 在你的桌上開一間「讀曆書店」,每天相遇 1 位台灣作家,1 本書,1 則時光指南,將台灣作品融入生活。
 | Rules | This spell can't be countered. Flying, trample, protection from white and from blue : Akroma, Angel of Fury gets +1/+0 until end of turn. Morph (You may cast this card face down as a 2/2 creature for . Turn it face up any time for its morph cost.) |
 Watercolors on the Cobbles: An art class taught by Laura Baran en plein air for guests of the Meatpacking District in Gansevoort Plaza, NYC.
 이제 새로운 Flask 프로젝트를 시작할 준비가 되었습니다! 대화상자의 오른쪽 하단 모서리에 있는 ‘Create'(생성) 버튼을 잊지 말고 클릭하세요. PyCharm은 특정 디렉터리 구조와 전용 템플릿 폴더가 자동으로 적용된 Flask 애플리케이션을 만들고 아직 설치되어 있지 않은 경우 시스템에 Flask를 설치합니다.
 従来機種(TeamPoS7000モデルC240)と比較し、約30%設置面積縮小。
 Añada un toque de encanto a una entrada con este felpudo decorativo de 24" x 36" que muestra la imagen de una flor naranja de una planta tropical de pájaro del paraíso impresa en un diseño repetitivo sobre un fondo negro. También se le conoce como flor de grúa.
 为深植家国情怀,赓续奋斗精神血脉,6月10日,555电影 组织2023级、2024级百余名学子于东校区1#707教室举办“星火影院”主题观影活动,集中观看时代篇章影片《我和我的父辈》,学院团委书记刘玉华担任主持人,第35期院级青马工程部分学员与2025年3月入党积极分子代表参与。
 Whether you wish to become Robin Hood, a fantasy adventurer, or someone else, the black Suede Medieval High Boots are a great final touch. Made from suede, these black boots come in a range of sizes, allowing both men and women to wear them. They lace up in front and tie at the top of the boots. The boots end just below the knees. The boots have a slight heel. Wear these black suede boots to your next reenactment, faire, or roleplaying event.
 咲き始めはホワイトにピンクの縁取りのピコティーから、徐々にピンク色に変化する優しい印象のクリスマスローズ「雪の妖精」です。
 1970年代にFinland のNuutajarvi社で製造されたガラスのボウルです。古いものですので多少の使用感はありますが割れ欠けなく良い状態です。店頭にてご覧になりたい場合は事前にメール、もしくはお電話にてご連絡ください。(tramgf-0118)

==*==

THE TASK >>
Nothing but the lines from the top of the entries above through the line with "为深植家国情怀,赓续奋斗精神" should be set down, each exactly as written.

FINISHED EXERCISE >>
 在你的桌上開一間「讀曆書店」,每天相遇 1 位台灣作家,1 本書,1 則時光指南,將台灣作品融入生活。
 | Rules | This spell can't be countered. Flying, trample, protection from white and from blue : Akroma, Angel of Fury gets +1/+0 until end of turn. Morph (You may cast this card face down as a 2/2 creature for . Turn it face up any time for its morph cost.) |
 Watercolors on the Cobbles: An art class taught by Laura Baran en plein air for guests of the Meatpacking District in Gansevoort Plaza, NYC.
 이제 새로운 Flask 프로젝트를 시작할 준비가 되었습니다! 대화상자의 오른쪽 하단 모서리에 있는 ‘Create'(생성) 버튼을 잊지 말고 클릭하세요. PyCharm은 특정 디렉터리 구조와 전용 템플릿 폴더가 자동으로 적용된 Flask 애플리케이션을 만들고 아직 설치되어 있지 않은 경우 시스템에 Flask를 설치합니다.
 従来機種(TeamPoS7000モデルC240)と比較し、約30%設置面積縮小。
 Añada un toque de encanto a una entrada con este felpudo decorativo de 24" x 36" que muestra la imagen de una flor naranja de una planta tropical de pájaro del paraíso impresa en un diseño repetitivo sobre un fondo negro. También se le conoce como flor de grúa.
 为深植家国情怀,赓续奋斗精神血脉,6月10日,555电影 组织2023级、2024级百余名学子于东校区1#707教室举办“星火影院”主题观影活动,集中观看时代篇章影片《我和我的父辈》,学院团委书记刘玉华担任主持人,第35期院级青马工程部分学员与2025年3月入党积极分子代表参与。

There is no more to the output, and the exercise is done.